Hosting Corner / Understanding Rewrite Rules: Part I
Jeff Dunn is President of Pulse Web Ventures Inc, parent company of XXXstorage.com. This article is a snippet of his seemingly endless knowledge about Web sites, hosting, and Unix, that he passes to his clients on a daily basis.A Rewrite rule has the power to automatically funnel traffic from one Web page to another – all without the surfer’s knowledge.
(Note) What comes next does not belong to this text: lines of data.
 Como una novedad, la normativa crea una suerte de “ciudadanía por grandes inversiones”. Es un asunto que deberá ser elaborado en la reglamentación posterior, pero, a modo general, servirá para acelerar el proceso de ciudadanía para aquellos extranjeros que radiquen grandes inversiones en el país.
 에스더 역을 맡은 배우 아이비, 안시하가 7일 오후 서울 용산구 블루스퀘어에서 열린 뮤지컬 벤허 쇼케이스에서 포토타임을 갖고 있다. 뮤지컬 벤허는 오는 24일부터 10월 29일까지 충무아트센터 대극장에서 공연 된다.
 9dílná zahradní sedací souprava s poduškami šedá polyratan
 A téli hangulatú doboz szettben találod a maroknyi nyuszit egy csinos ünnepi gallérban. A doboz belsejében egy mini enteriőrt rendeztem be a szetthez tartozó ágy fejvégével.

In this first article from a three part series on Rewrite rules, Jeff from xxxStorage.com explains how you can reduce hot-linking and bandwidth theft by adding a few simple lines to the appropriate text files on your Web server.
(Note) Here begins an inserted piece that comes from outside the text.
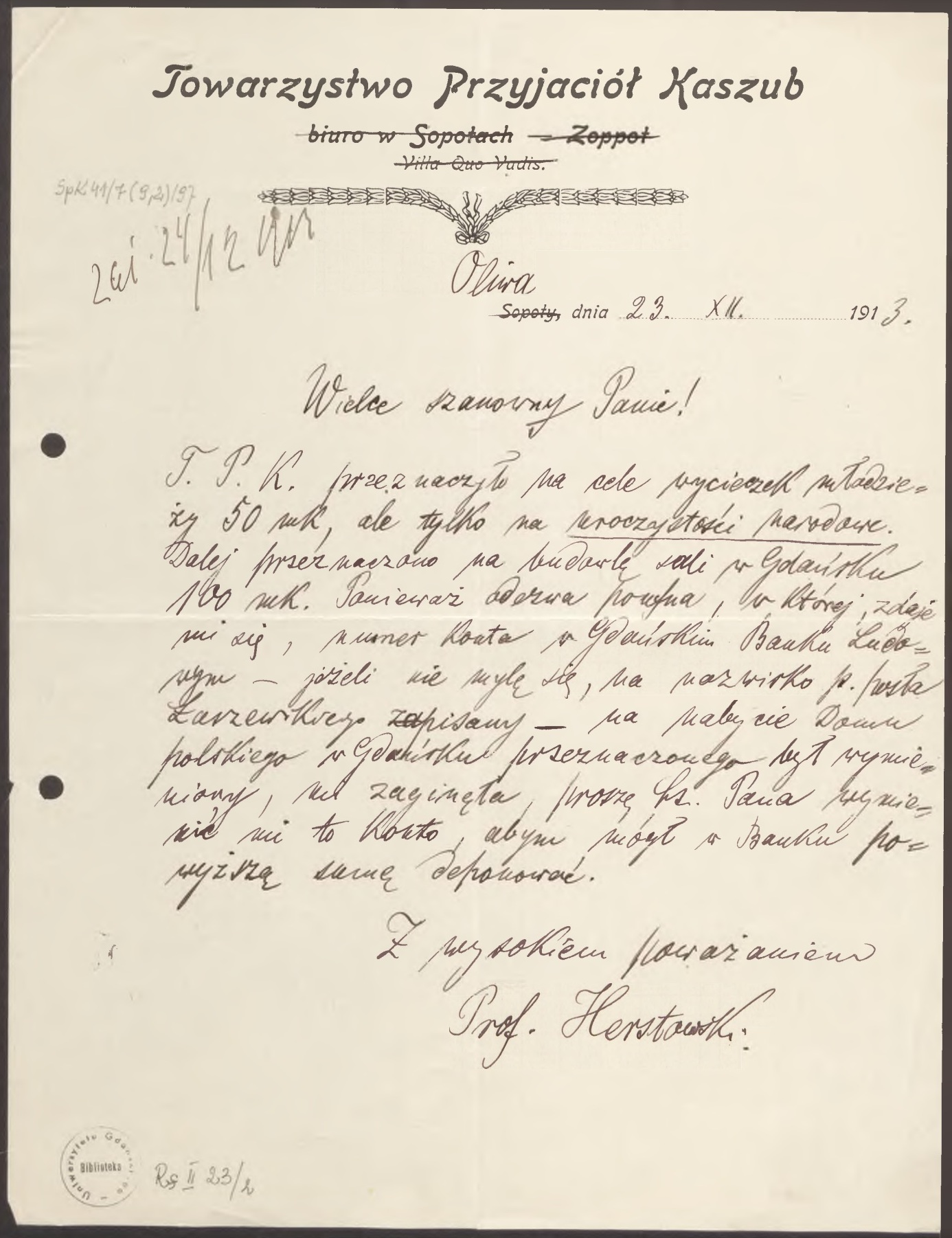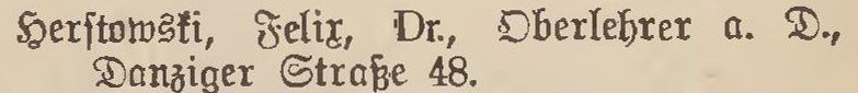 Felix Herstowski, Dr., Oberlehrer a. D., Danziger Straße 48 ().

A successful adult Webmaster is always aware of the bandwidth his or her site uses and tries to reduce it any way possible to cut down on the amount of money paid to the host. One cause for using more bandwidth than necessary is hot-linking and other forms of bandwidth stealing, often perpetrated by other Webmasters, either evil or ignorant. Using “Rewrite” rules is the most common tip given to adult Webmasters for reducing hot-linking.
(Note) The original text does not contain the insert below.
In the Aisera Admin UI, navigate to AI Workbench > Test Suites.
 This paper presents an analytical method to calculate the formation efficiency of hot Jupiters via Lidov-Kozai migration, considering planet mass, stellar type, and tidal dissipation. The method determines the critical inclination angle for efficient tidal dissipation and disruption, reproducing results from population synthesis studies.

Note: Many novice Web users will just say “use .htaccess.” Although, you may use an .htaccess file to contain your rewrite rule, it is not the .htaccess file itself that helps block hot-linking… so that terminology is in error. It is the contents of the .htaccess file (which can be many different things), which in this case is the Rewrite rules, that perform the operation. In this tutorial I will not be referring to .htaccess files in general, as their usage is out of the scope of this article. But, to be short: All the examples in this tutorial can be placed into a file titled ‘.htaccess’ and uploaded to the directory where you want the Rewrite rules to be performed.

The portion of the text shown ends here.